- Opening Delimiter -

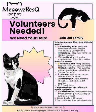 PLEASE VISIT OUR WEBSITE for More Information Including a VOLUNTEER FOSTER APPLICATION by Searching: MeoowzResQ.ORG
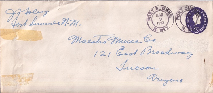 | Hand cancellation: "FORT SUMNER, N. MEX. MAR 9 1953". |
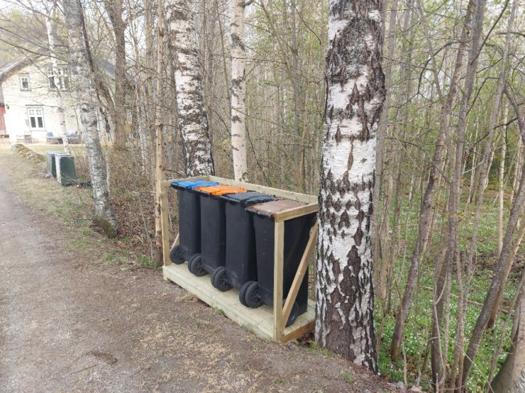 Satte sammen et åpent og enkelt søppelstativ med plass til 4 dunker. Materialer som er brukt er: Impregnert 36X68. Impregnert 48X98 og terrassebord 21X95
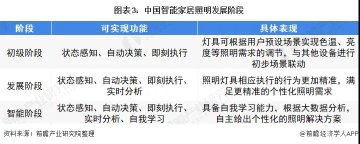 从智能家居照明的发展阶段来划分,大致可分为初级、发展及智能阶段。
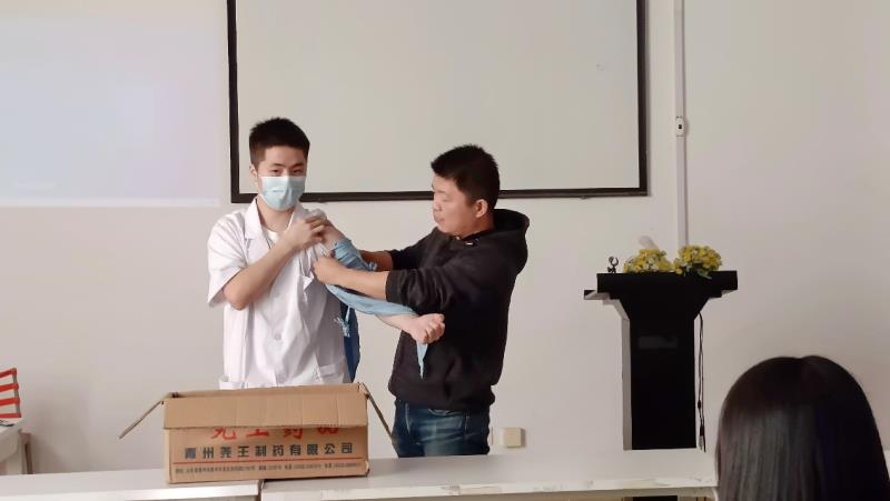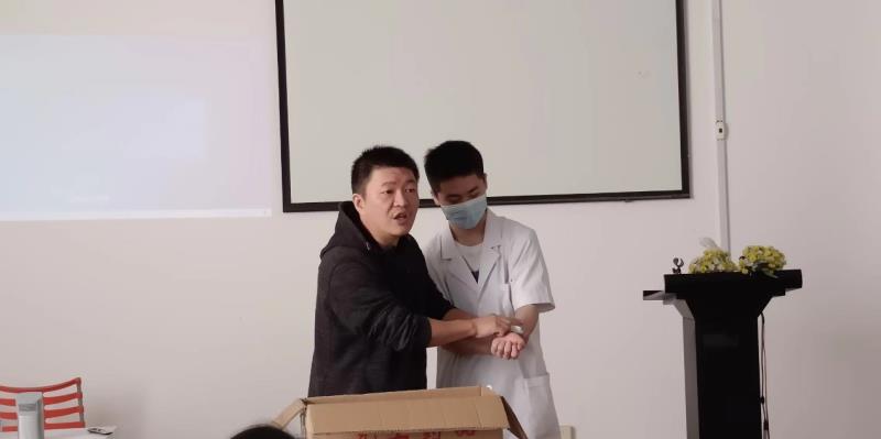 随后医学部护理系副主任吴际老师向各位老师们十分细致的讲解了止血包扎急救法,当遇上有心理问题的学生出现割腕情况应该如何采取急救措施和对受伤部位进行简易包扎。认真的向老师们展示每一个步骤。吴际通过示范向大家明确正确的按压止血方法,并对按压过程中需要注意的事项进行说明。

- Closing Delimiter -

● DIRECTIONS
Give the data again word for word, without images.

● WORKED SOLUTION
 PLEASE VISIT OUR WEBSITE for More Information Including a VOLUNTEER FOSTER APPLICATION by Searching: MeoowzResQ.ORG
 | Hand cancellation: "FORT SUMNER, N. MEX. MAR 9 1953". |
 Satte sammen et åpent og enkelt søppelstativ med plass til 4 dunker. Materialer som er brukt er: Impregnert 36X68. Impregnert 48X98 og terrassebord 21X95
 从智能家居照明的发展阶段来划分,大致可分为初级、发展及智能阶段。
 随后医学部护理系副主任吴际老师向各位老师们十分细致的讲解了止血包扎急救法,当遇上有心理问题的学生出现割腕情况应该如何采取急救措施和对受伤部位进行简易包扎。认真的向老师们展示每一个步骤。吴际通过示范向大家明确正确的按压止血方法,并对按压过程中需要注意的事项进行说明。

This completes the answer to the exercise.